» **PROMPT**
Would you retype exactly the lines below, starting with the one that has "Часто дитині важко" and going on through the one that has "3、内置一寸、二寸等规格模板", with no pictures and nothing else?

» **SOURCE DATA**

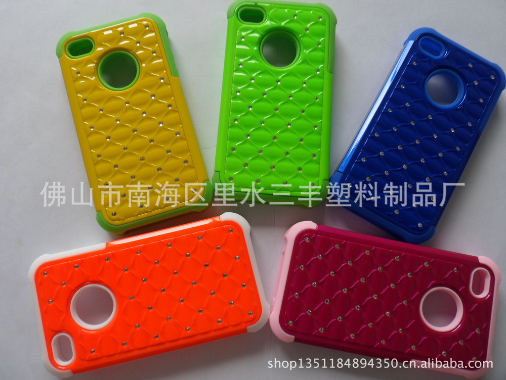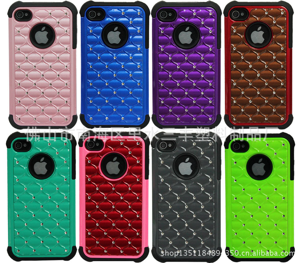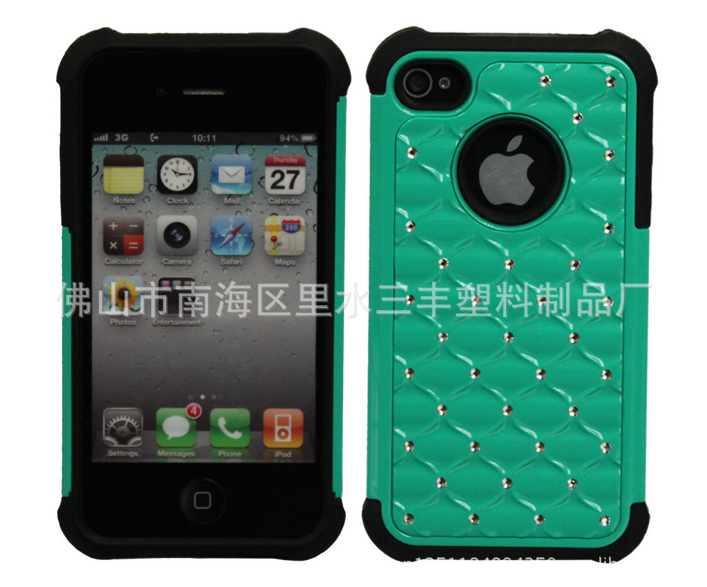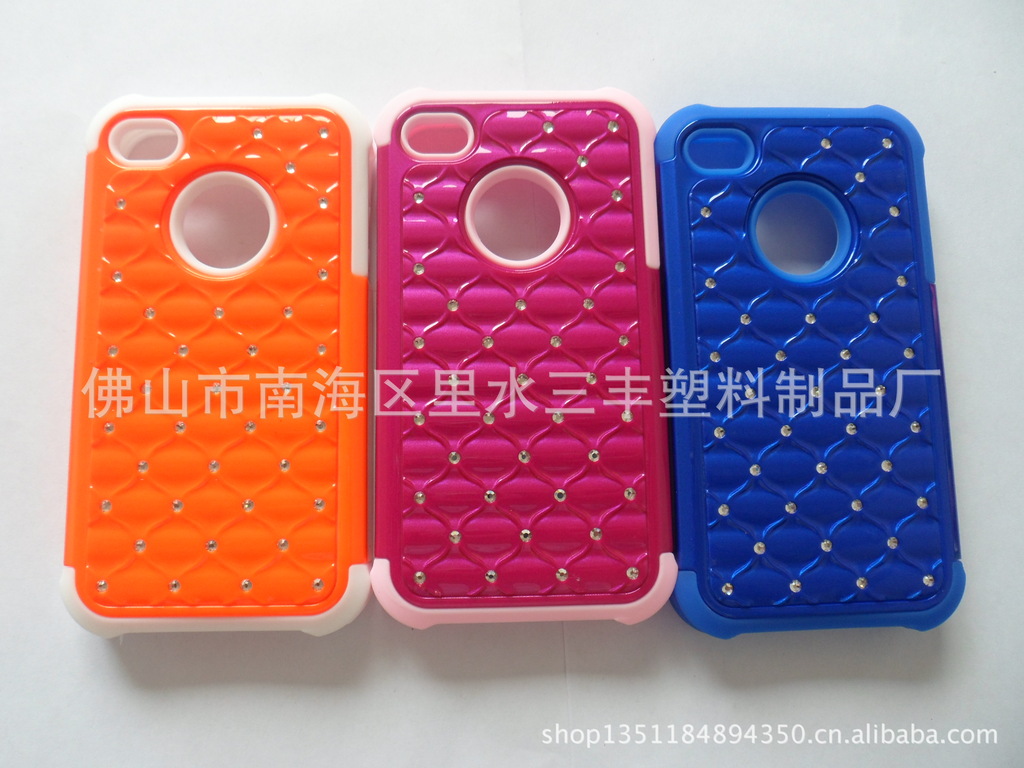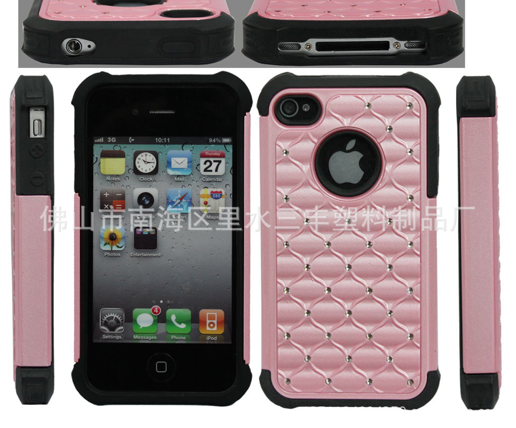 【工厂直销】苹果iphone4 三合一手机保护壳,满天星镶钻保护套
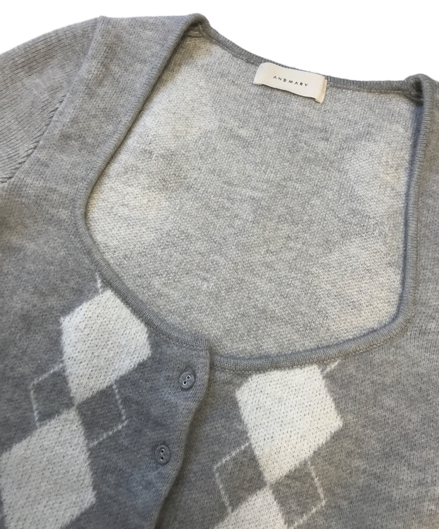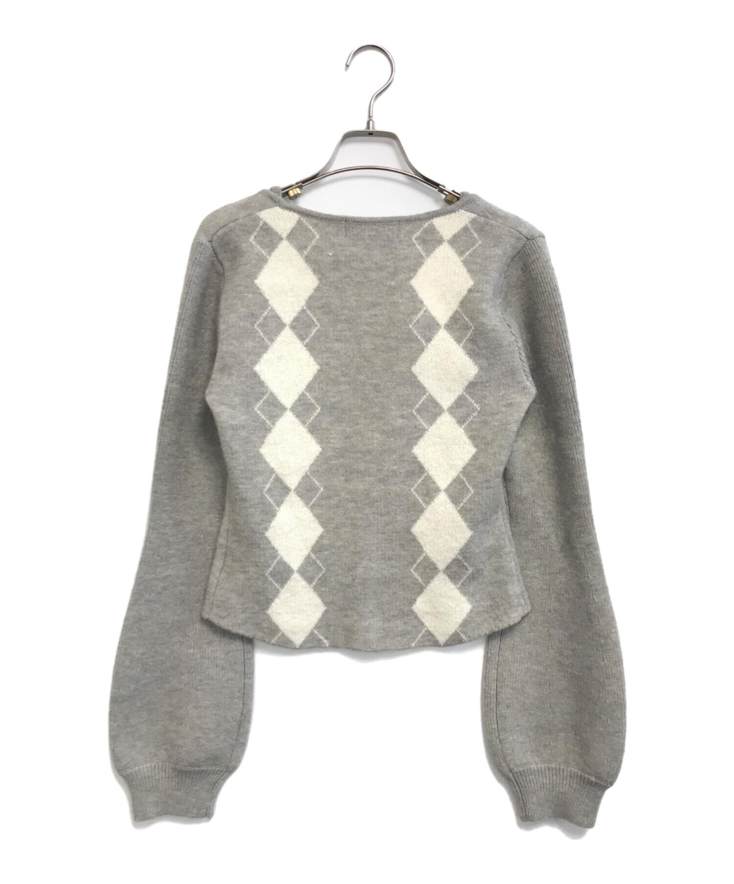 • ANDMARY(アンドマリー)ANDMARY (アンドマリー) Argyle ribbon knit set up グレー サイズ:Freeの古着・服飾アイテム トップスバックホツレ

...

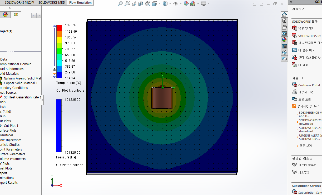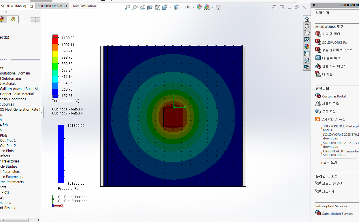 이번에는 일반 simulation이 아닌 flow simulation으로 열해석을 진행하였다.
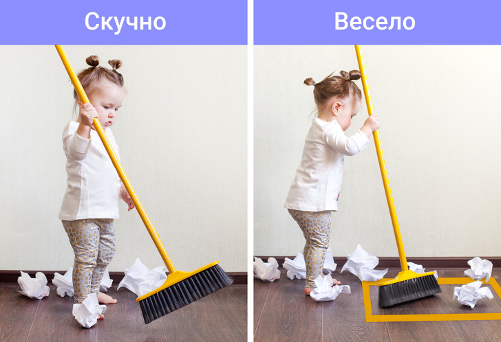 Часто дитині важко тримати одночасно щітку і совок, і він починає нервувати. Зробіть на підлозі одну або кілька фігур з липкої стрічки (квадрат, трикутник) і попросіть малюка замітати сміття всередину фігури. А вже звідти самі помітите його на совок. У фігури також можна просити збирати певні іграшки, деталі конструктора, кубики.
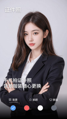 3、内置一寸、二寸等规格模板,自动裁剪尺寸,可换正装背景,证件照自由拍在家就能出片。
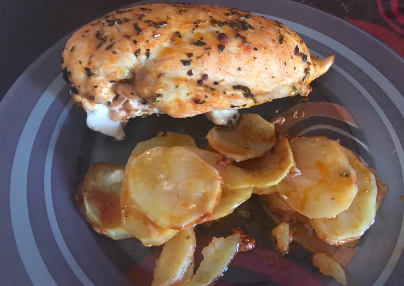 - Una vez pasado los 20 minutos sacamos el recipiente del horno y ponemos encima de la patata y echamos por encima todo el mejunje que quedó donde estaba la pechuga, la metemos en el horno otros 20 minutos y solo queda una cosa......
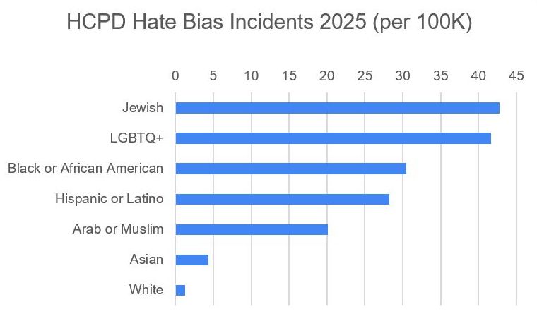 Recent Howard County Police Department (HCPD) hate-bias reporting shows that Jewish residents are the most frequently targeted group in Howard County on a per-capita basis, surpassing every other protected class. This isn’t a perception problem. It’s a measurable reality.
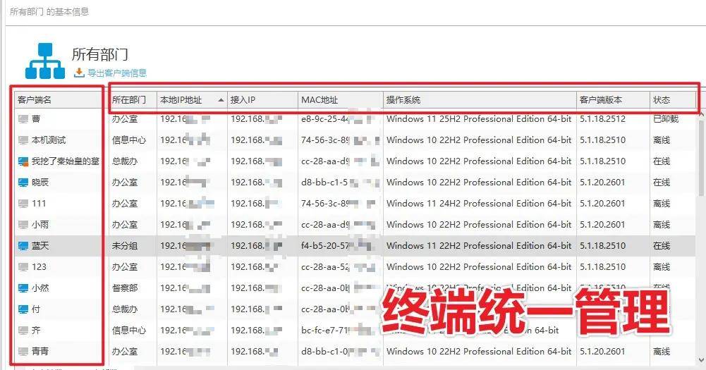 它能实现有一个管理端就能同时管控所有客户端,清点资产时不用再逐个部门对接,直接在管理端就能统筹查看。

» **EXERCISE SOLUTION**
 Часто дитині важко тримати одночасно щітку і совок, і він починає нервувати. Зробіть на підлозі одну або кілька фігур з липкої стрічки (квадрат, трикутник) і попросіть малюка замітати сміття всередину фігури. А вже звідти самі помітите його на совок. У фігури також можна просити збирати певні іграшки, деталі конструктора, кубики.
 3、内置一寸、二寸等规格模板,自动裁剪尺寸,可换正装背景,证件照自由拍在家就能出片。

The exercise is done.